PROBLEM DETAILS: Leave the pictures out and print, word for word, the lines below from the one with "Among the sites" through the final line.
··· GIVEN DATA ···
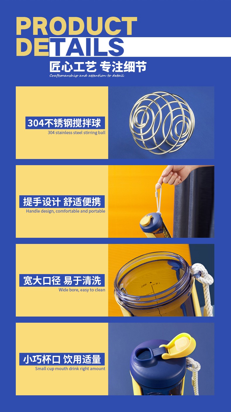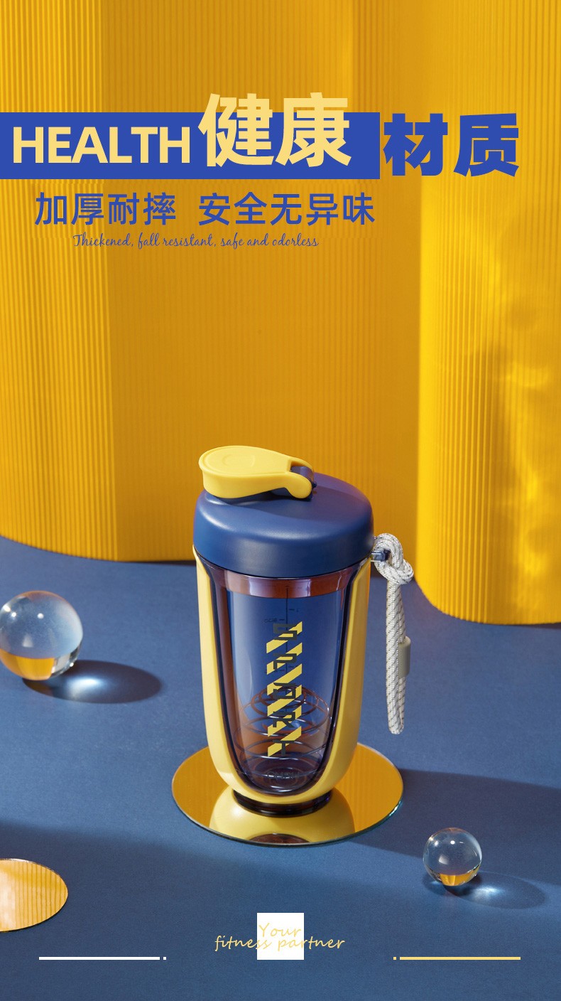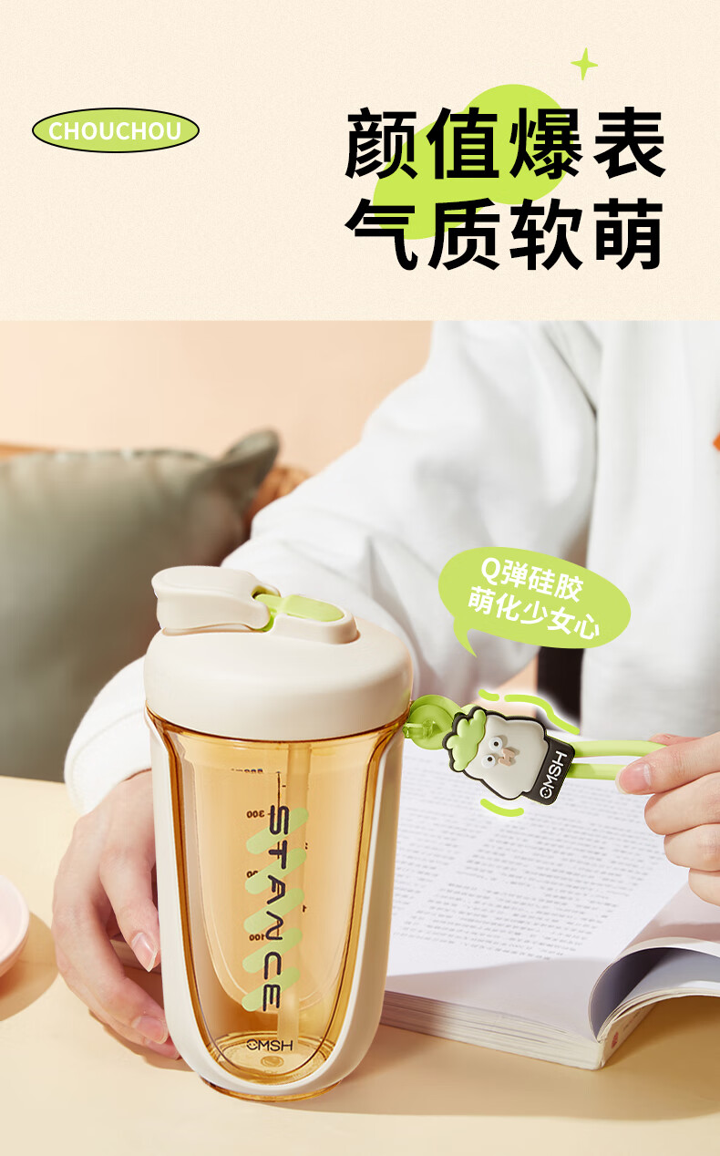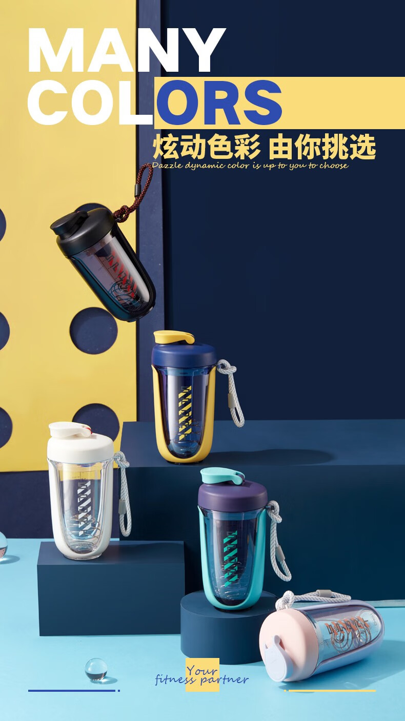 Youjia Liangpin Shaker Cup Fitness Sports Water Cup Men's and Women's Protein Powder Plastic Cup Portable Scale Leak-proof Milkshake Blending Cup Green Direct Drink Style/Stirring Ball 590ml
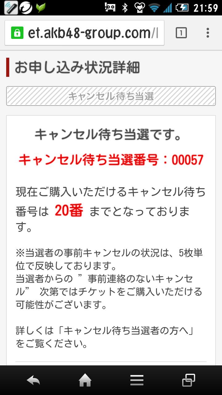 Akb公演のキャンセル待ちの場合は、 チケット販売が終わってから呼び出しがあるようです。 キャンセル待ちには、抽選対象内になるもの、抽選対象外になるものがあります。 その数は、公演によって大きく変わるようです。. と喜んだのも束の間。 キャン待ちでしたw キャン待ち番号は50番を超えている。 以前の2回のキャン待ち当選はいずれも140番代だったので、. AKB48劇場キャンセル待ち 劇場公演チケットは全てチケットセンターへの事前応募による予約制になっており、抽選結果には250人分の 「当選」 と150番までの 「キャンセル待ち当選」 があります。 モバイルファンクラブ・二本柱の会の各枠では1番~50番、一般枠では51番から150番のキャンセル待ち整理番号が発行されています。 これらは応募者のうち当選にハズれ.
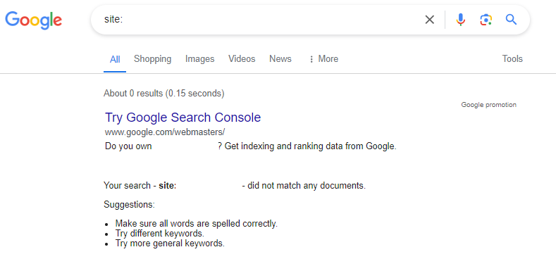 Among the sites we analyzed with the biggest ranking declines, many websites fell into the gaming category. In fact, several gaming websites appear to have received pure spam manual actions, which Google sent out as part of its spam update. For example, the gaming website in the screenshot below currently has no indexed pages on Google despite having received traffic and visibility up until March 8th (see the chart below).
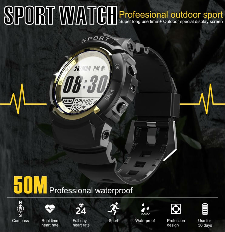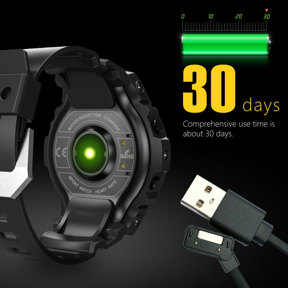 4 kinds of dial, 6 sport modes, compass, heart rate, ultra low power consumption and 50 meters waterproof.
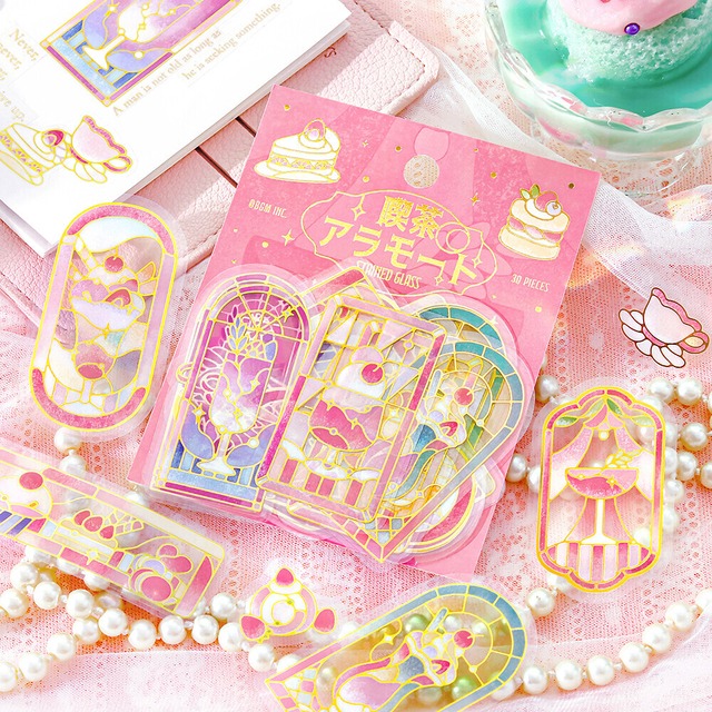 大人気の喫茶アラモードシリーズに、ステンドグラス風シールが登場! レトロな喫茶店にあるステンドグラスのような、透明感とレトロ感がかわいいステッカーです。 様々な形のシールが入っているので、組み合わせて使いやすいアイテム。 涼しげな雰囲気で、夏にもぴったり。 10デザイン×3枚 30枚入り 素材:PET メーカー:BGM/ビージーエム 【ご購入の前にショップ情報(Webサイトの場合はABOUTタブ)より、ショッピングガイドのご確認をお願いいたします】 シール/ステッカー/デコ/コラージュ/淡色/手帳デコ/ジャーナル/かわいい/レトロ クリアステッカー/クリアシール/フレークシール/スイーツ/ステンドグラス パーラー/喫茶店/カフェ/喫茶アラモード/ケーキ/パフェ/PET パステル/かわいいシール/大人かわいい/デコ素材/ピンク
···
OUTPUT OF THE TASK:
 Among the sites we analyzed with the biggest ranking declines, many websites fell into the gaming category. In fact, several gaming websites appear to have received pure spam manual actions, which Google sent out as part of its spam update. For example, the gaming website in the screenshot below currently has no indexed pages on Google despite having received traffic and visibility up until March 8th (see the chart below).
 4 kinds of dial, 6 sport modes, compass, heart rate, ultra low power consumption and 50 meters waterproof.
 大人気の喫茶アラモードシリーズに、ステンドグラス風シールが登場! レトロな喫茶店にあるステンドグラスのような、透明感とレトロ感がかわいいステッカーです。 様々な形のシールが入っているので、組み合わせて使いやすいアイテム。 涼しげな雰囲気で、夏にもぴったり。 10デザイン×3枚 30枚入り 素材:PET メーカー:BGM/ビージーエム 【ご購入の前にショップ情報(Webサイトの場合はABOUTタブ)より、ショッピングガイドのご確認をお願いいたします】 シール/ステッカー/デコ/コラージュ/淡色/手帳デコ/ジャーナル/かわいい/レトロ クリアステッカー/クリアシール/フレークシール/スイーツ/ステンドグラス パーラー/喫茶店/カフェ/喫茶アラモード/ケーキ/パフェ/PET パステル/かわいいシール/大人かわいい/デコ素材/ピンク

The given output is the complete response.